• PROBLEM: Copy exactly the lines of the data below, beginning with the line with "交流结束后,现场师生以一首动" and ending with the line with "SDK。这些SDK可以使开发者更容易的访问 SoC 中的各种硬件加速引擎,快速的部署应用在英伟达的平台。". Pictures are to be omitted.

• THE RECORDS:
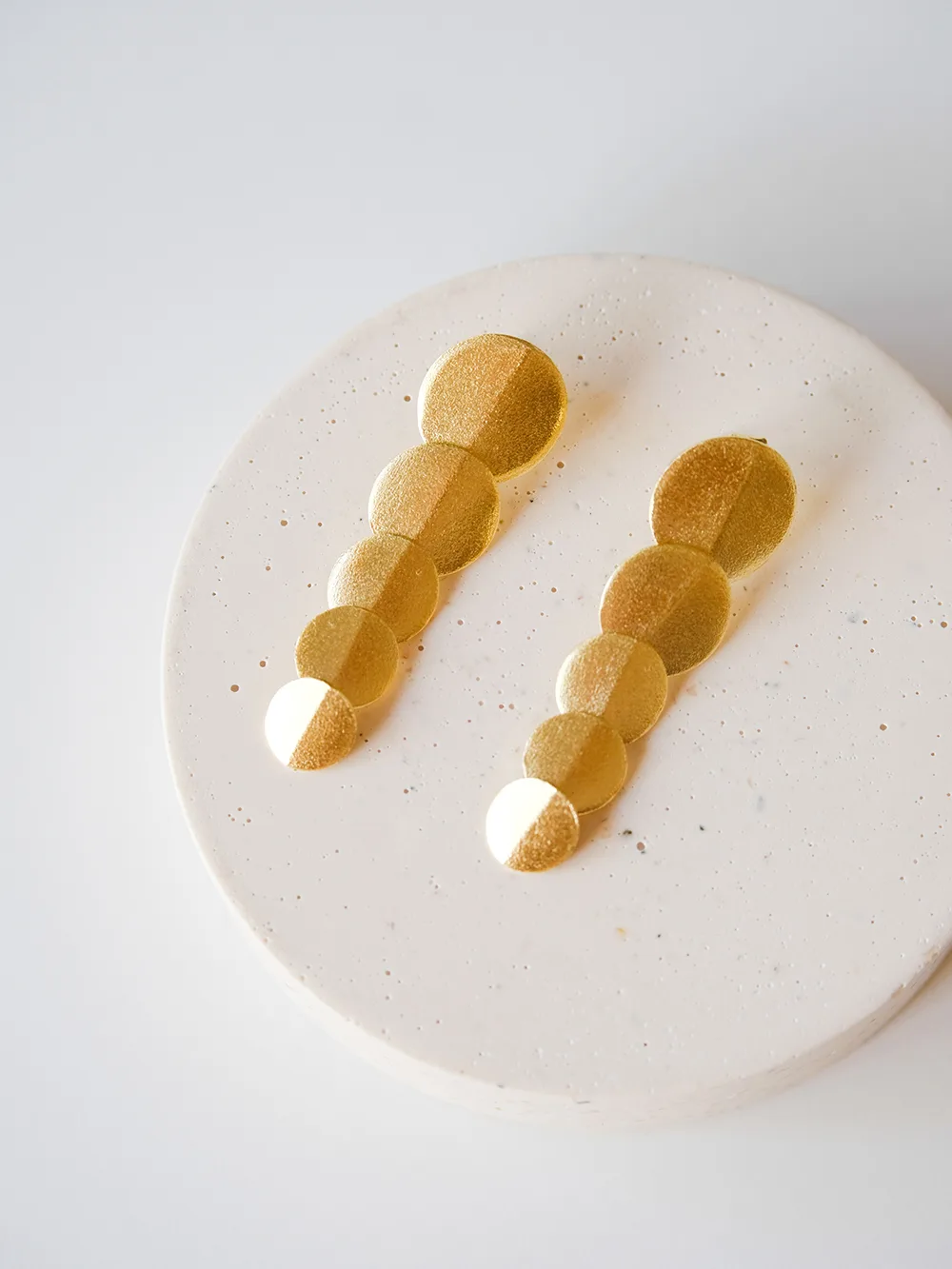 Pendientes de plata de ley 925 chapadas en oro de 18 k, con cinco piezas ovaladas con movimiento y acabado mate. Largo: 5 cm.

==

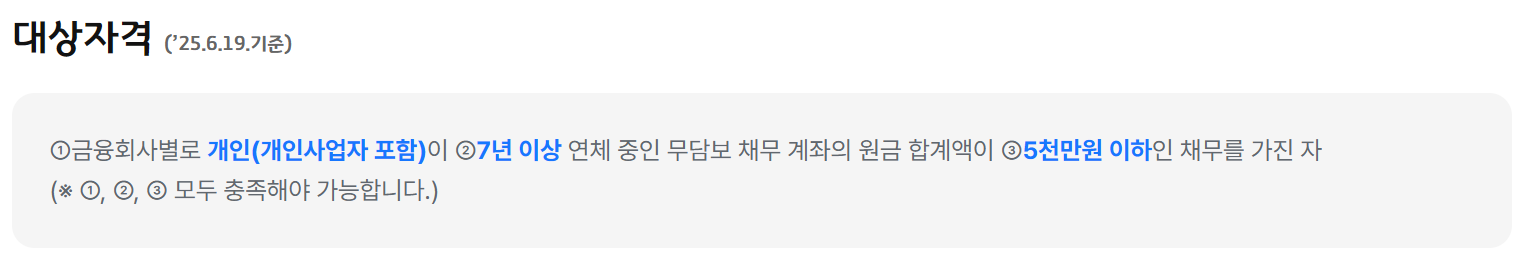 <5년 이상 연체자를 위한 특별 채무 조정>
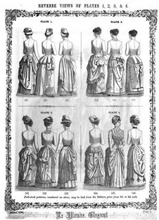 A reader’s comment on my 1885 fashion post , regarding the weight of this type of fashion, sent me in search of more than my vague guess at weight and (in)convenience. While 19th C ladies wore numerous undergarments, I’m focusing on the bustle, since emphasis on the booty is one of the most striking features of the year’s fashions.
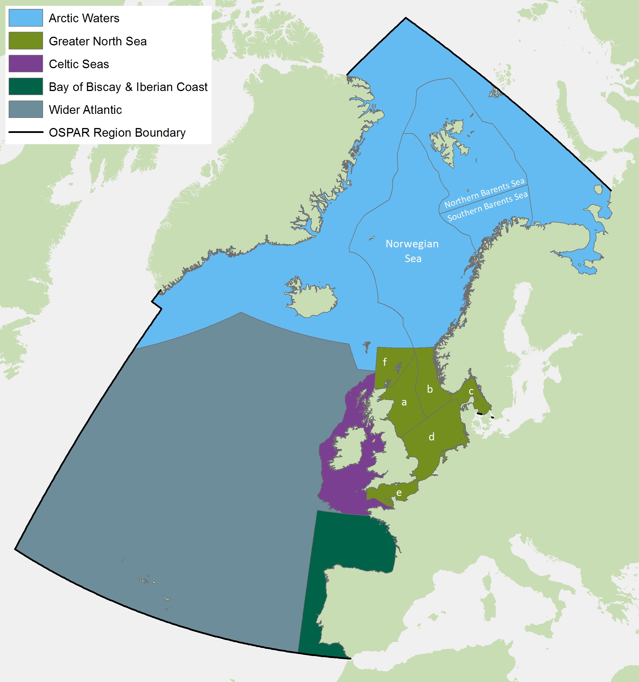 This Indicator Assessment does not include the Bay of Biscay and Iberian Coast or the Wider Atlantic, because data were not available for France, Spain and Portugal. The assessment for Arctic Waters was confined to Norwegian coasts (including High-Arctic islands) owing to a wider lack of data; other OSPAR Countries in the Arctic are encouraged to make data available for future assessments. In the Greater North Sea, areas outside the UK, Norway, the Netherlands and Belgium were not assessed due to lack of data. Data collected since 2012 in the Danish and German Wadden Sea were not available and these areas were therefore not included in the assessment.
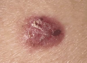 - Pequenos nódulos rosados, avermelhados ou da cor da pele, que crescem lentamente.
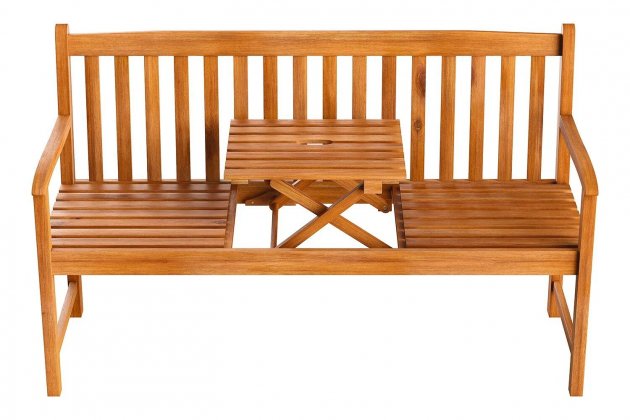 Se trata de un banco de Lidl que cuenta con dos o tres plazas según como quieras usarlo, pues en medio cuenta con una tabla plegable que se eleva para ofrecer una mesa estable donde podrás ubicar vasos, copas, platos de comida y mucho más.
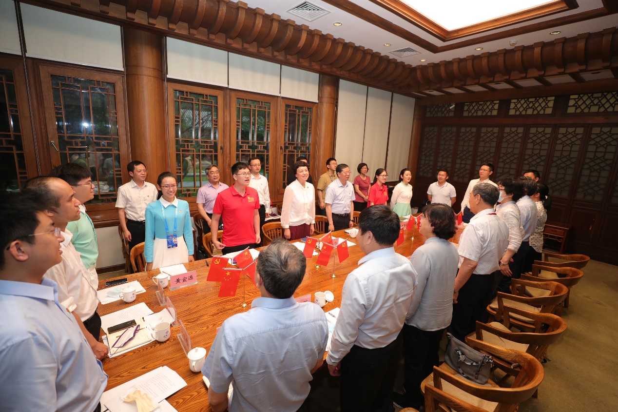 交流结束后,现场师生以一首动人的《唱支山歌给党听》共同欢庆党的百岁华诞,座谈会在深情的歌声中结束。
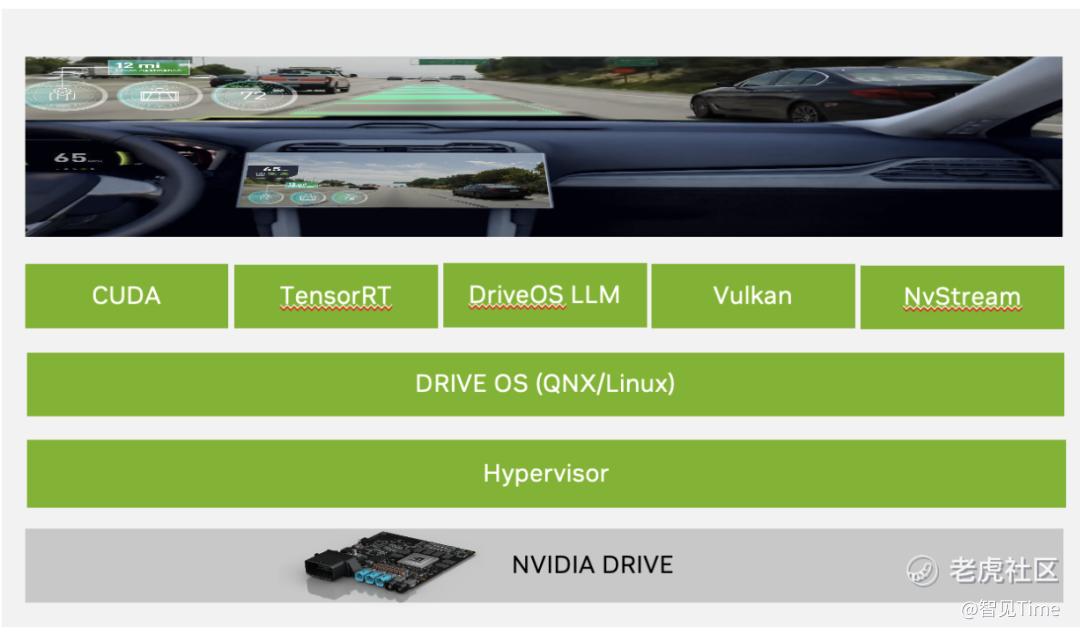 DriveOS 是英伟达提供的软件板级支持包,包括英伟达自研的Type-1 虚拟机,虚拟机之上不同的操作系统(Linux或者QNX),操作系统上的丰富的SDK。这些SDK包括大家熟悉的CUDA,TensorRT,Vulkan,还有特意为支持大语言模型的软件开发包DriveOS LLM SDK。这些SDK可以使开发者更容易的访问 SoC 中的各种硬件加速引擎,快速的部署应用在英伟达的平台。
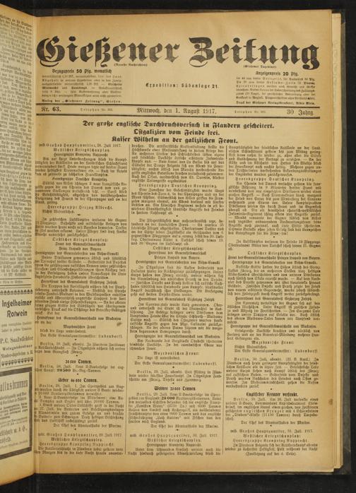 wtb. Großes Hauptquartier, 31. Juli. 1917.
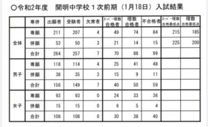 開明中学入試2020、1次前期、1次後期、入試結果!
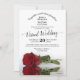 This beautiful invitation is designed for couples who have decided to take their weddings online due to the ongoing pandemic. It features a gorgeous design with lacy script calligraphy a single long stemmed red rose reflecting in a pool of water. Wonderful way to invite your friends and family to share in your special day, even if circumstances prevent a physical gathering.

==

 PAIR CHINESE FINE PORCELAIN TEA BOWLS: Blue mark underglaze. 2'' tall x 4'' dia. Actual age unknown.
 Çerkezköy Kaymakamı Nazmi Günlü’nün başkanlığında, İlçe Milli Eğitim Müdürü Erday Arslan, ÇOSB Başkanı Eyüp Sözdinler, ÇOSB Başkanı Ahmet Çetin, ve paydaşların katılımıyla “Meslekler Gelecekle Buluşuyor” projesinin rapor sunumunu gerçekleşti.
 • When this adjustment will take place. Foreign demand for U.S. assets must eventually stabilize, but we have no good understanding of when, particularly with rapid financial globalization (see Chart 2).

• ANSWER BOX:
 交流结束后,现场师生以一首动人的《唱支山歌给党听》共同欢庆党的百岁华诞,座谈会在深情的歌声中结束。
 DriveOS 是英伟达提供的软件板级支持包,包括英伟达自研的Type-1 虚拟机,虚拟机之上不同的操作系统(Linux或者QNX),操作系统上的丰富的SDK。这些SDK包括大家熟悉的CUDA,TensorRT,Vulkan,还有特意为支持大语言模型的软件开发包DriveOS LLM SDK。这些SDK可以使开发者更容易的访问 SoC 中的各种硬件加速引擎,快速的部署应用在英伟达的平台。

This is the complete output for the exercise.